Mr. Goodsell was homeless on and off for ten years.

He once made do with couchsurfing or minimum wage jobs to pay his rent, but with Halifax’s skyrocketing housing costs, he can no longer afford a home.

His camp is one of nine sites chosen by the city as a place where people without shelter can legally camp outdoors. The sites were approved as temporary this summer, but some say a solution is needed while indoor shelters are full.

The policy has been adopted by at least one other municipality., external in Canada and being considered by others, external who are also facing increased homelessness.

This is in stark contrast to other cities in North America where police are violently dismantling homeless encampments. These so-called “street sweeps” have been criticized as cruel and ineffective in addressing the housing crisis.

But they are becoming increasingly popular as homelessness has risen since the pandemic. Since 2021, California has cleared more than 12,000 encampments, and cities like Fresno, California, and Grants Pass, Oregon, have enacted complete bans on camping in public places.

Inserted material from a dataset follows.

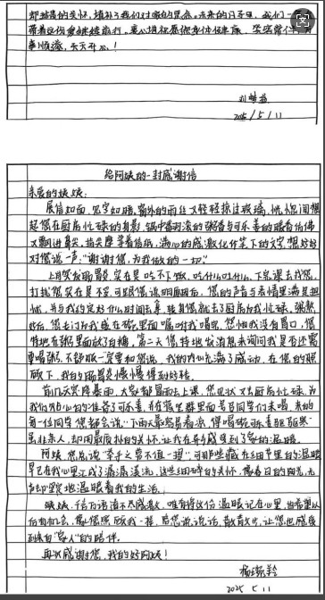 近日,学校收到两名学生亲笔书写的感谢信,向宿管阿姨皮家乐表达深深的感激之情,这份跨越身份的真挚情感,让整个校园都洋溢着温暖的气息。

Proponents of a camp ban say camping leads to disorder and that funding should go toward getting people off the streets.

Opponents of Halifax’s approach include some camp residents who say they want resources spent on affordable housing instead.

“Canada is one of the richest and most beautiful countries in the world,” Mr. Goodsell said. “We have so much land, so many resources, but we must be one of the greediest countries.”